Yo era la menor de tres hermanas y cuando a ellas ya las invitaban a fiestas y los mellizos Lazo, que eran unos rubios pirotécnicos, las pasaban a buscar para pasear en bicicleta, a mí me dejaban en la casa en calidad de material desechable.
Me quedaba jugando con las muñecas o construyéndole casitas a las hadas, una entretención solitaria de lo más inutil, porque por mucho que las adornaba con flores y hojas de helecho, nadie llegó nunca a vivir al condominio.
En fín, que era chica,pero como ya tenía once años, en mí se estaba operando la misteriosa metamorfosis de la pubertad, y aunque todavía no dejaba a las muñecas, me ponía triste cuando me daban por invisible a la hora de las invitaciones.

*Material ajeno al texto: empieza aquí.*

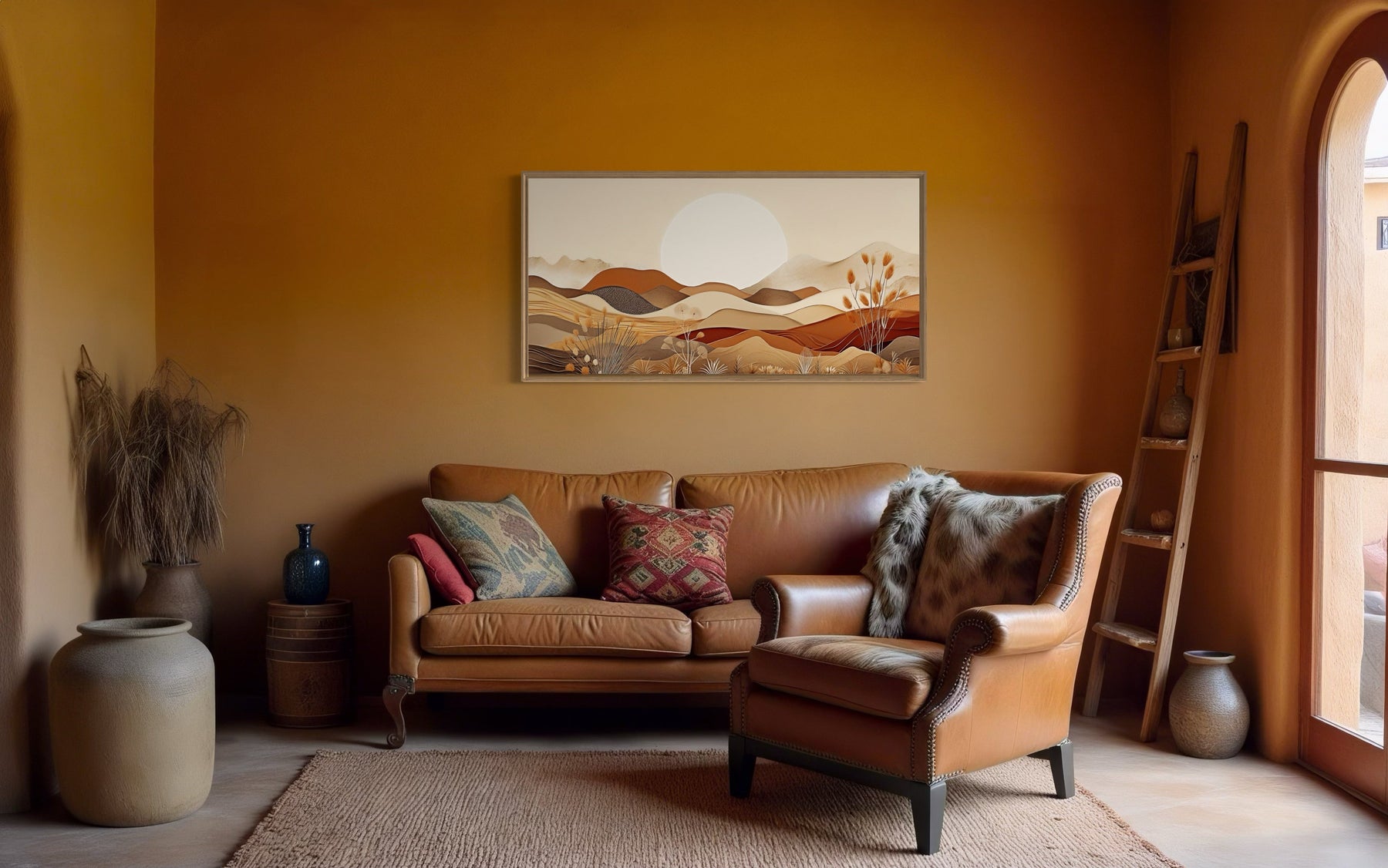 Tableau bohème désertique - Toile encadrée de paysage milieu du siècle aux tons neutres de la terre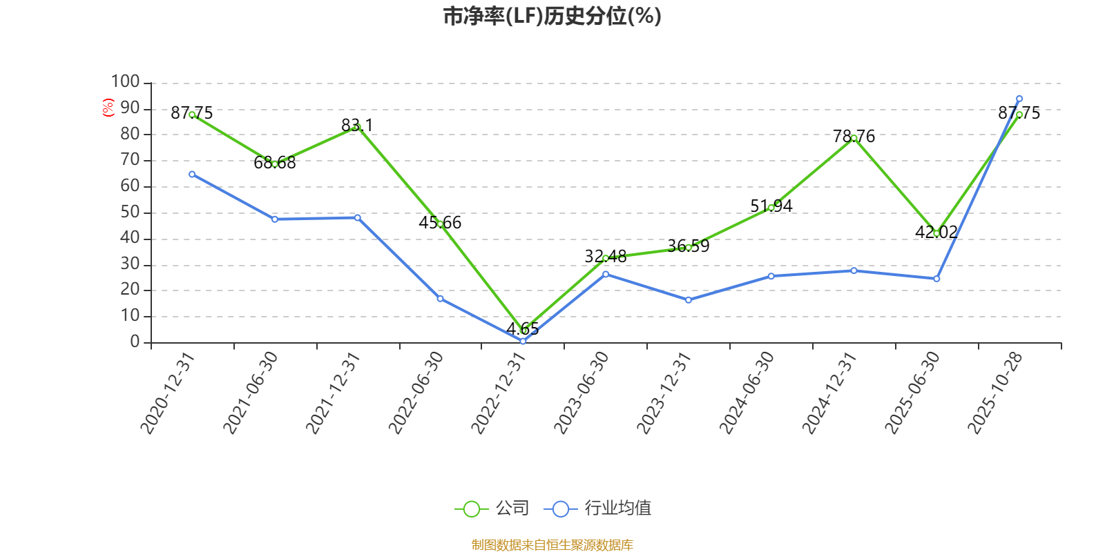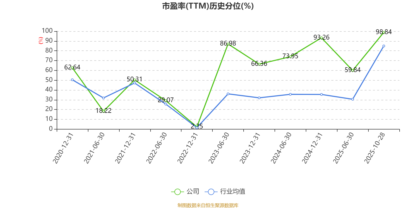 市盈率、市净率为负时,不显示当期分位数,会导致折线图中断。

Pero cuando cumplí los trece, de golpe me puse interesante.
Mi mamá había renunciado por fin a hacerme chapes y cuando me solté el pelo, liso y oscuro a los lados de la cara, me convertí subitamente en Nefertiti.
Seguía siendo flaca y plana desde el cuello hasta las rodillas. Sus huesos eran lo único que me sobresalía con audacia. Pero algo surgió en mí desde las recónditas profundidades,una fuerza magnética que parecía atraer a los chiquillos como polillas hacia una ampolleta.
Fué entonces cuando conocí a Milton, mi primer amor y mi primer desengaño.
Al menos me enseñó a bailar y al final lográbamos bailar "los lentos" sin intercambiar más de cuatro pisotones por vez.
Vivíamos frente a la Plaza Brasil, a dos cuadras de un colegio de varones.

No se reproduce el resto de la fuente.